9. The one or more processors of claim 8, the operations further comprising:

receiving an indication of a privacy or sensitivity level associated with the UE data; and

selecting a cooperative data collection scheme based at least on the privacy or sensitivity level associated with the UE data, wherein the analytic data is generated according to the selected cooperative data collection scheme.

10. The one or more processors of claim 8, the operations further comprising:

receiving, from at least one UE or network function (NF), a request for the analytic data; and

outputting the analytic data for transmission to the at least one UE or NF in accordance with the request.

11. The one or more processors of claim 8, the operations further comprising:

retrieving, from an analytics data repository function (ADRF), data associated with a machine learning (ML) model; and

outputting the data associated with the ML model during a downlink protocol data unit (PDU) session.

12. The one or more processors of claim 8, the operations further comprising training a machine learning (ML) model based at least in part on the plurality of aggregated output shares computed from the plurality of cryptographically secure input shares containing the UE data.

13. The one or more processors of claim 12, wherein the analytic data is generated using the ML model trained on the plurality of aggregated output shares computed from the plurality of cryptographically secure input shares containing the UE data.

14. One or more processors configured to, when executing instructions stored in a memory, perform operations comprising:

receiving an indication of a privacy-preserving configuration for secure data aggregation, the privacy-preserving configuration comprising one or more parameters to use for converting a cryptographically secure input share containing user equipment (UE) data to an aggregated output share;

receiving the cryptographically secure input share containing the UE data; and

converting the cryptographically secure input share to the aggregated output share in accordance with the one or more parameters of the privacy-preserving configuration for secure data aggregation.

15. The one or more processors of claim 14, the operations further comprising outputting the aggregated output share for transmission to a network data analytics function (NWDAF) that is configured to generate analytic data based at least on the aggregated output share.

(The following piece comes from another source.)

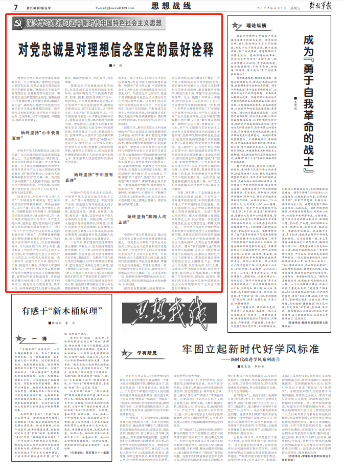 回望歷史,源自馬克思主義科學(xué)真理的共產(chǎn)黨人信仰信念,彰顯著鮮亮的忠誠底色;面向未來,我們要堅定不移地做馬克思主義的忠誠信奉者、堅定實踐者,繼續(xù)沿著科學(xué)真理指引的航向破浪前行。要把深入學(xué)習(xí)貫徹習(xí)近平新時代中國特色社會主義思想作為基本功,努力掌握新時代黨的創(chuàng)新理論的重大意義、科學(xué)體系、豐富內(nèi)涵、精髓要義和實踐要求,領(lǐng)會其中的立場觀點方法、道理學(xué)理哲理,用真理之力開創(chuàng)美好未來,以理想之光照亮奮斗征程。要深刻領(lǐng)會“兩個確立”的決定性意義,不斷增強(qiáng)“四個意識”、堅定“四個自信”、做到“兩個維護(hù)”,貫徹軍委主席負(fù)責(zé)制,不斷提高政治判斷力、政治領(lǐng)悟力、政治執(zhí)行力。要堅持用馬克思主義觀察時代、把握時代、引領(lǐng)時代,不斷賦予馬克思主義新的時代內(nèi)涵,讓馬克思主義在中國大地上展現(xiàn)出更強(qiáng)大、更有說服力的真理力量。

16. The one or more processors of claim 14, the operations further comprising:

receiving a secret-shared non-interactive proof (SNIP) associated with the cryptographically secure input share; and

prior to converting the cryptographically secure input share to the aggregated output share, verifying the cryptographically secure input share based at least on the SNIP associated with the cryptographically secure input share.

17. The one or more processors of claim 16, wherein verifying the cryptographically secure input share comprises exchanging the SNIP with one or more application functions (AFs) that are configured to receive and process other cryptographically secure input shares containing the UE data.

18. The one or more processors of claim 14, the operations further comprising registering for one or more data collection, model training, or analytic services via a trusted domain or a network exposure function (NEF).

19. The one or more processors of claim 14, the operations further comprising receiving, during an uplink protocol data unit (PDU) session, inferred data generated by a local privacy-preserving machine learning (ML) model.

20. The one or more processors of claim 19, the operations further comprising outputting the inferred data to a network data analytics function (NWDAF) that is configured to generate analytic data based at least on the inferred data.